Dave Angel (born David Angelico Nicholas Gooden; 13 May 1966) is an English techno musician. Angel was born in Chelsea, London, England. He is the son of a London-based jazz musician, and the elder brother of rapper Monie Love. He had an unorthodox musical education; his father influenced him deeply, as did his friends and his environment, including the radio. He listened not only to Miles Davis and Charlie Parker, but also to soul music and funk. Even though he was playing instruments at 14 years old, including percussion, his musical development was not easy or straightforward.

==Career==
His musical career started when he borrowed an old electronic keyboard from a friend and, using a double tape deck, assembled a bassline and drum track, over which he laid "Sweet Dreams (Are Made of This)" by Eurythmics. He called the result his Nightmare mix, and borrowed money from a friend to press 500 copies. When BMG, and thus the Eurythmics, learnt of this, Annie Lennox wanted to prevent the sale of what was in effect an unlicensed version of their song; however, her partner Dave Stewart liked the mix, and persuaded her to allow Angel to go ahead. The track, involving elements of jazz, Detroit techno and breakbeat hardcore, was successful, reaching number 23 on the UK Singles Chart.

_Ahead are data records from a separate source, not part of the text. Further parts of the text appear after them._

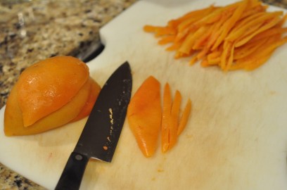 Once the flesh and pith is  removed slice the peel into thin strips… approximately 1/4″.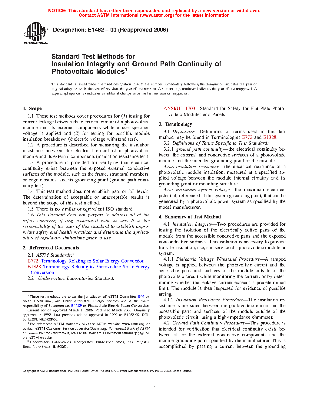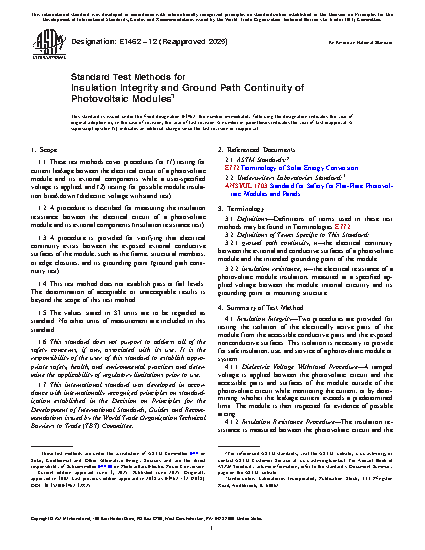 1.1 These test methods cover procedures for (1) testing for current leakage between the electrical circuit of a photovoltaic module and its external components while a user-specified voltage is applied and (2) for testing for possible module insulation breakdown (dielectric voltage withstand test).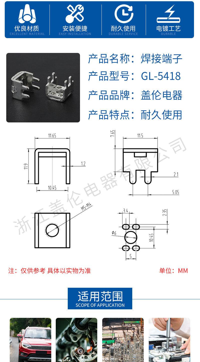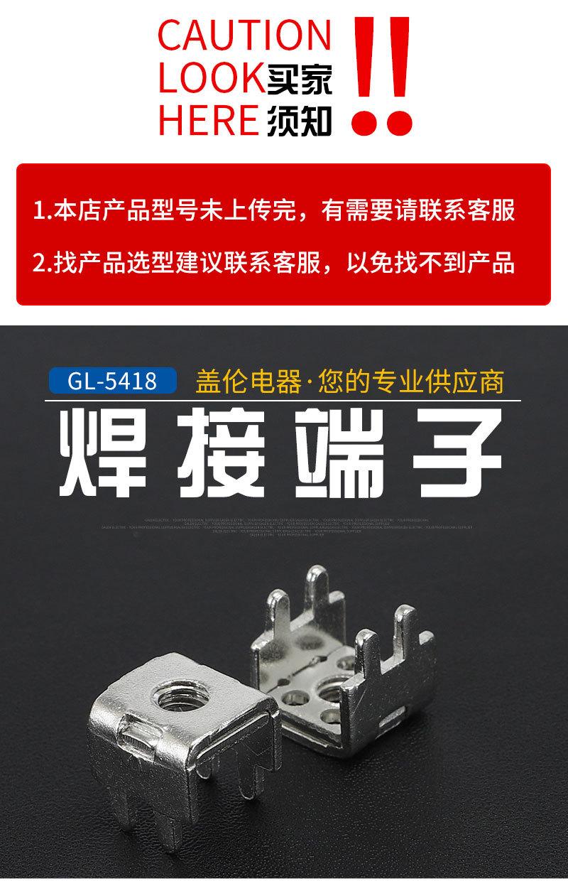 Los fabricantes suministran terminales de soldadura de PCB de cobre de alta corriente GL-5418, terminales de soldadura de placa de circuito engrosados.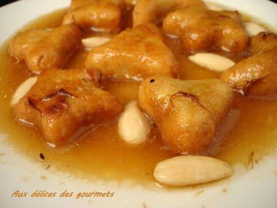 La riche cuisine algérienne reflète la variété culturelle du pays , des plats traditionnels qui varient de ville en ville. J'ai choisi de vous présenter aujourd'hui un plat sucré de fêtes qu'on surnomme Chbeh Essafra Ce plat est composé d'une pâte d'amandes frite et d'une sauce sucrée safranée bien parfumée à la cannelle. Au moment de servir, mettre les triangles de pâte d'amandes dans une assiette et les napper de sauce, les accompagner d'un morceau de viande et parsemer d'amandes.

Not long afterwards, Angel received many invitations, and gained much respect from European artists, becoming part of the Phaze One team together with the drum & bass DJs Fabio and Grooverider (who used to play styles from house to hardcore at that time). The doors were also opened for his career as a producer. Despite the quality of his productions, however, such as the EPs "The Family" by Apollo and "Royal Techno" by Rotation Records, he was unable to make much impression in England. Through his label, Rotation Records, he gave opportunities to many of the current producers, including many of other nationalities, such as Paul Hazel, Cisco Ferreira, Vince Watson, Samuel L. Session, Steve Rachmad, and Sharpside.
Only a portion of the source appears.